A. R. Curry’s Author Launch

How much would you pay? How much would you give up? How much would you risk? To be happy…

These are the questions I asked myself a mere month ago, right before I decided to chase my dream of being an author and quit a job where I made six figures. In today’s world, what I did is considered an impractical and reckless decision. People don’t do that. At least, not single fathers of three. But, I didn’t make the decision lightly. And I didn’t make it without a plan. Ultimately, I made it to stop myself from spiraling, because that’s exactly what I was doing. You see, I didn’t want the regret of knowing I didn’t try. I didn’t want my children to know I gave up on my dream. I didn’t want money to be the deciding factor. And I sure didn’t want to continue waking up miserable because I was doing something I didn’t love.  

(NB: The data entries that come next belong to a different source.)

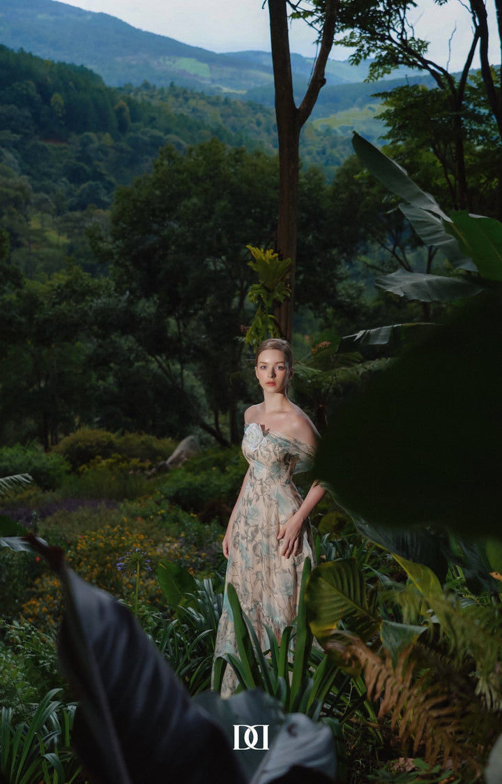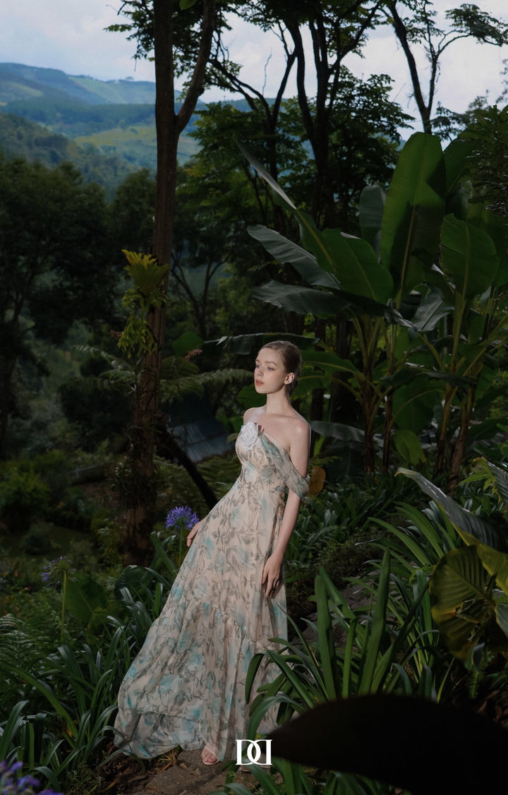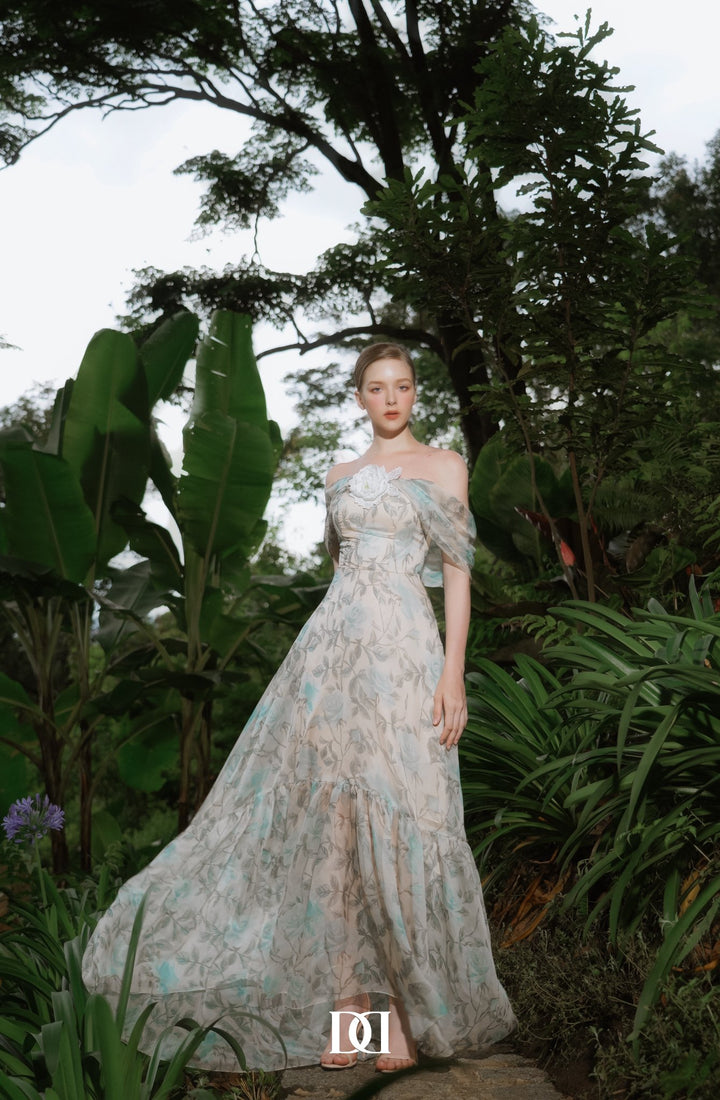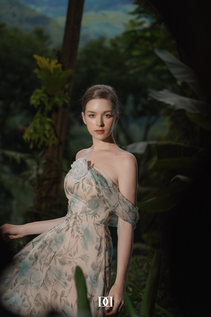With arm-covered flaps and a flared skirt design, the dress brings a gentle and willowy look to the wearer and turns her into a lovely princess. Delicate printed patterns with light tones also increase the feminity of the costume.
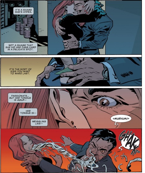 VD 12The Winter Soldier: The Bitter March #1 shows us why it’s not a good thing to get too touchy feely with the enemy.
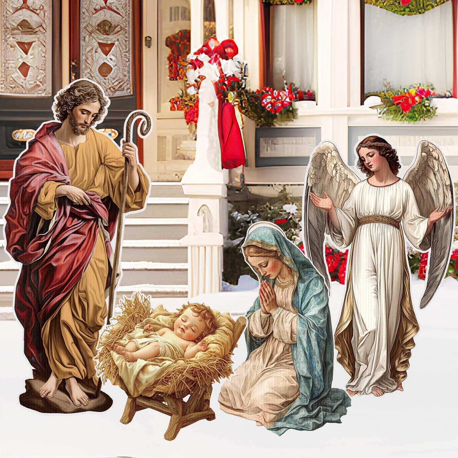 4 Pcs Christmas Nativity Set Outdoor Yard Signs with Stakes for Manger Scene...
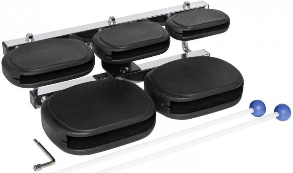 5-ti dílná sada temple bloků Stagg je vyrobena ze syntetických materiálů, které poskytují jasný a čistý zvuk, vynikající trvanlivost a velkou odolnost vůči změnám teploty a vlhkosti. Dodává se s dvojicí paliček, šestihranným klíčem a nastavitelnou svorkou, která umožňuje připevnění na jakýkoli stojan na bicí nebo činely. Stojan není součástí dodávky. Přibližné ladění Eb/ F/ B/ Db/G. Rozměry (š x h x v) 44 x 23 x 13 cm. Hmotnost 3,75 kg.Materiál: polypropylen a uhlíková vlákna
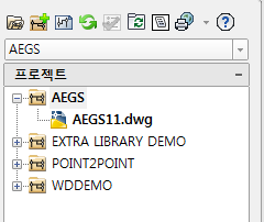 이제 AEGS11.dwg는 프로젝트 관리자의 프로젝트 도면 파일 리스트 맨 아래에 있습니다.
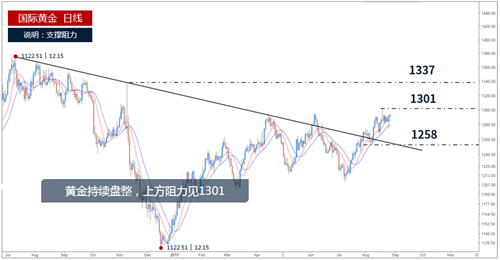 黄金从中长期角度来看,还是有希望开启牛市的,主要的推动因素就是美联储。由于上周五年会耶伦打太极,坚持不谈论涉及货币政策的话题,令投资者颇为失望,9月加息概率降至0%,12月加息概率也降到了34%。美联储谨慎的作风可能会放缓紧缩步伐,再次加息有望推至2018年。因此本周的非农数据就显的格外重要,美联储是否更快的进
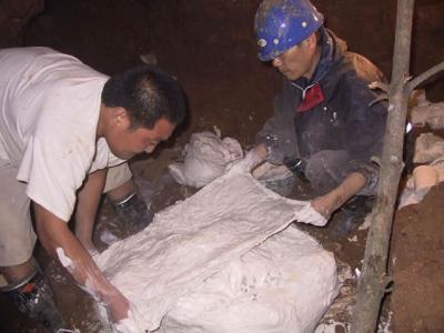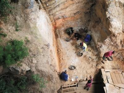 昨日,工作人员在周口店猿人洞进行发掘。当天,周口店遗址第1地点(猿人洞)抢救...
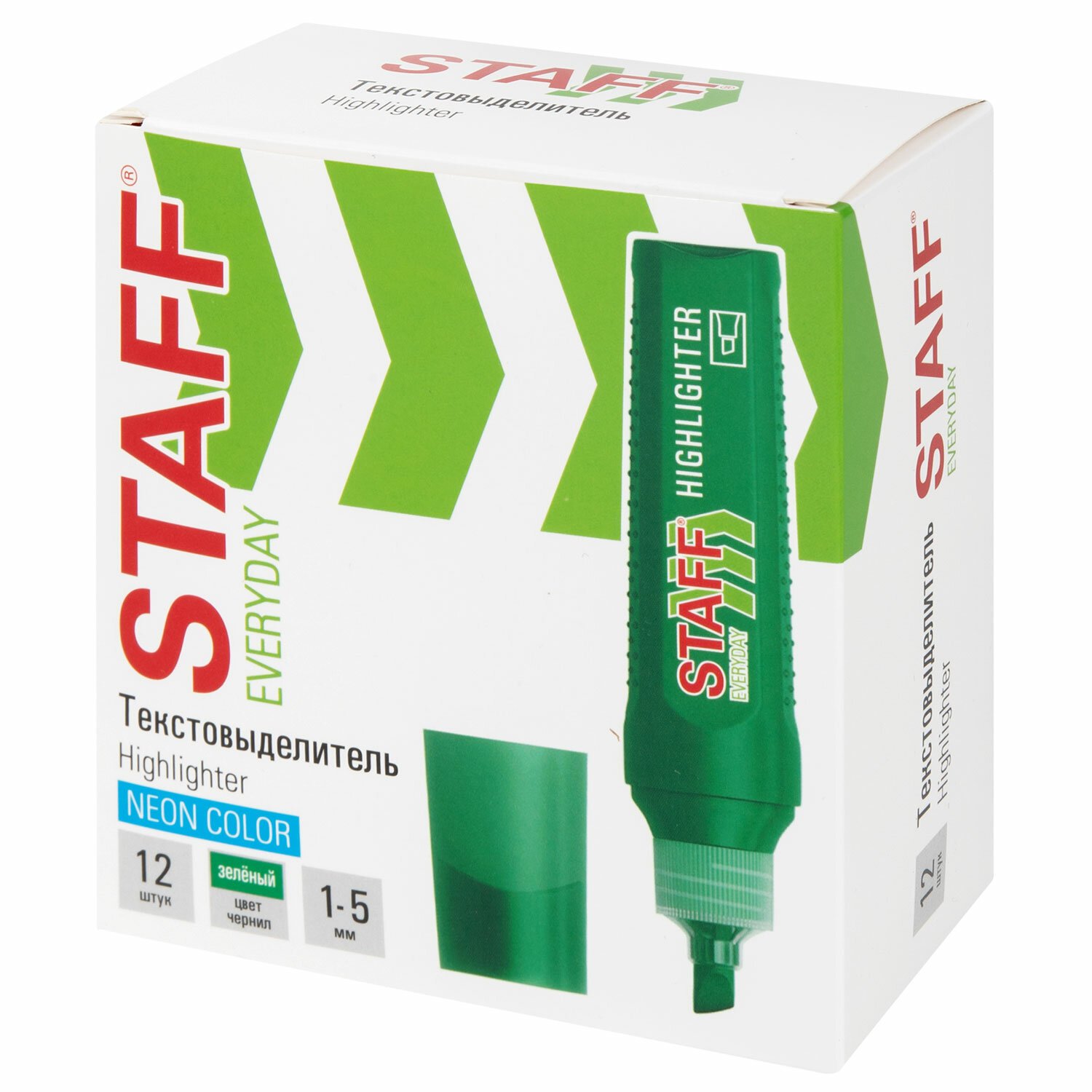 Текстовыделитель STAFF "EVERYDAY HL-707", ЗЕЛЕНЫЙ, линия 1-5 мм, скошенный наконечник, 152543
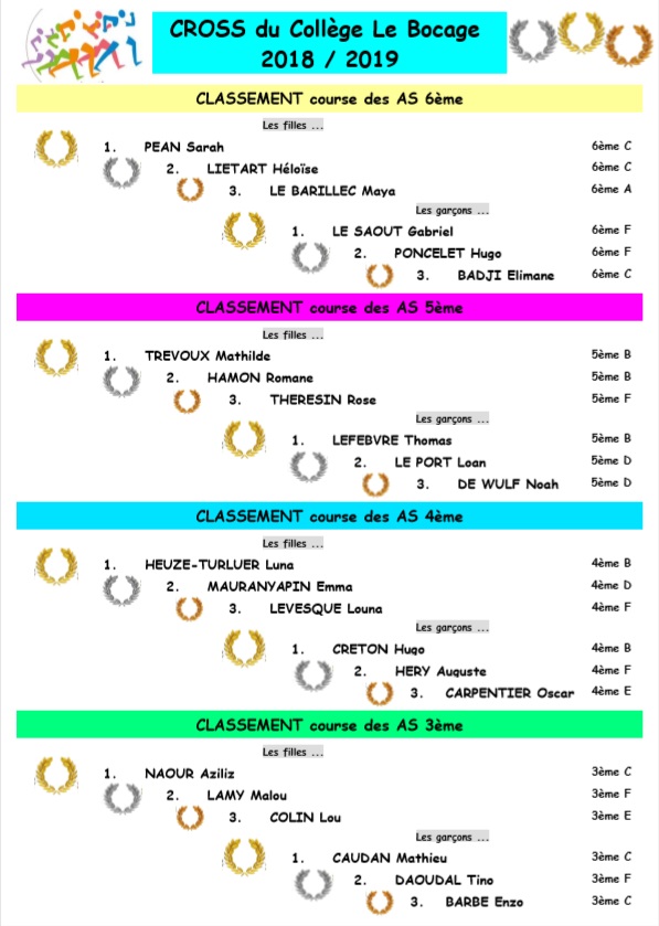 PALMARÈS COMPLET DU CROSS DU COLLÈGE
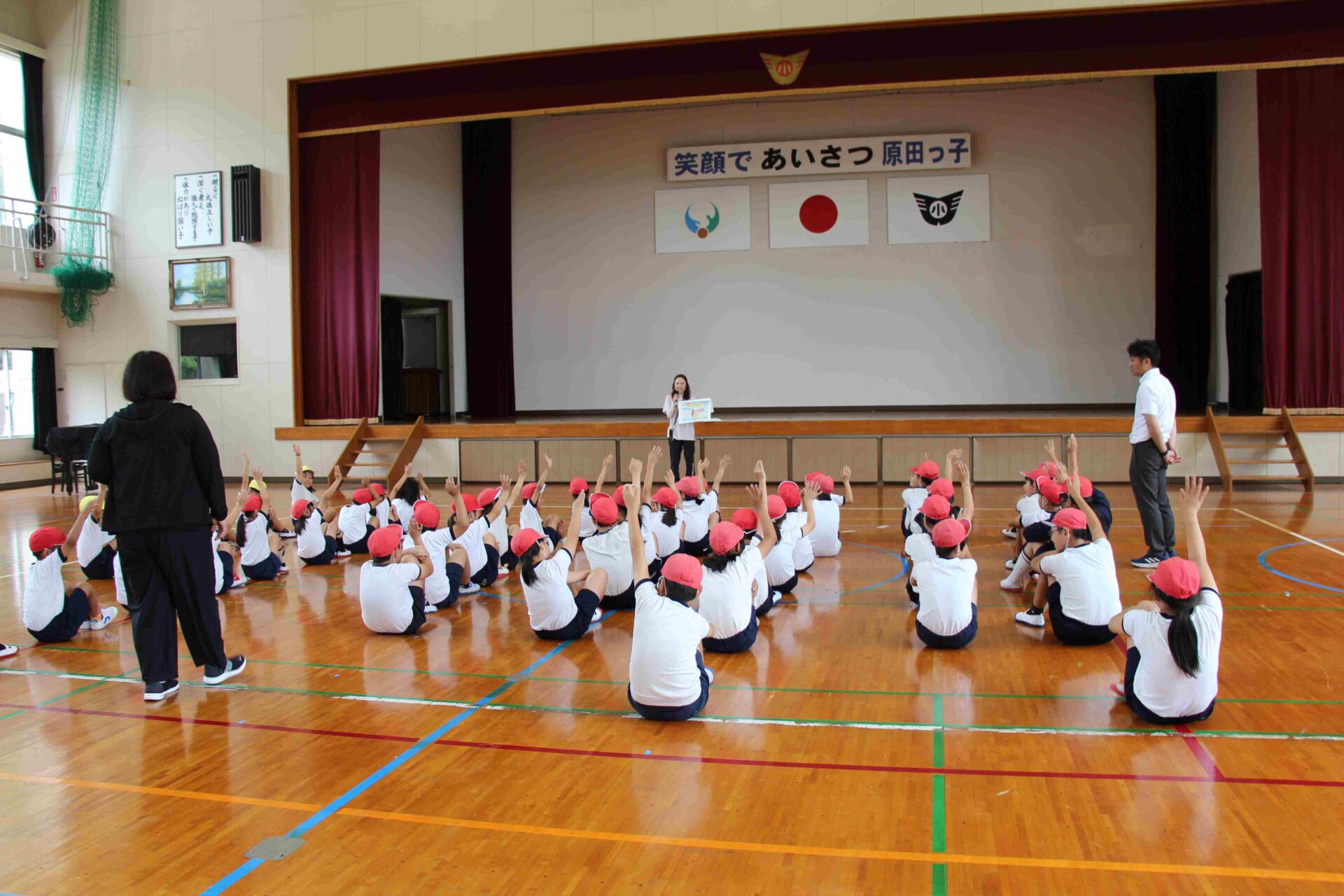 体育館に避難後,防火防災係の平野先生からクイズを交えて,避難の仕方などのお話がありました。
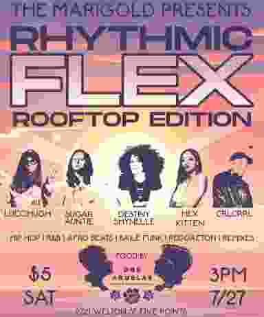 RHYTHMIC FLEX x STAY UP SATURDAY DAY PARTY ROOFTOP EDITION 3-9PM☀️ HIP HOP | R&B | AMAPIANO | BAILE FUNK | EDITS & MORE SOUNDS BY 🔊🔉🔈 DESTINY SHYNELLE CRL CRRLL SUGAR AUNTIE HEX KITTEN LUCCIHUGH ( LA) FOOD BY DOS ABUELAS🍽️

So, yes, I quit. Just like that. Am I nervous? Absolutely. Why wouldn’t I be? What if my plans don’t go accordingly? What if I fall on my face? What if I’ve just exposed myself to the people who are rooting for me to fail? What if you’re one of those people? Well, the answer is actually quite simple. If I fail, I’ll get up, and I’ll try again. And again. And again. Until I succeed, because my heart wants it that bad.

After leaving my full-time job, I set aside a few weeks and laid the ground work for what I termed, my Author Launch. Which, essentially, is my way of saying the day I announce to everyone that I am putting 100% effort into being an author. And that day is today. My 36th birthday. April 24th, 2019. 

With that said, I want to thank Dana Pappas, Anita Nicoles, Trevor Galloway, and my “Street Team”, for their invaluable help leading up to this day. A lot of hard work has been done to get me up and running, and I will take that momentum and make it count. Yes. Make. I will make this happen. And I will make those of you who have shown me encouragement and support proud that you’ve placed your faith in me. From the bottom of my heart, thank you. This is just the beginning, and I couldn’t be happier.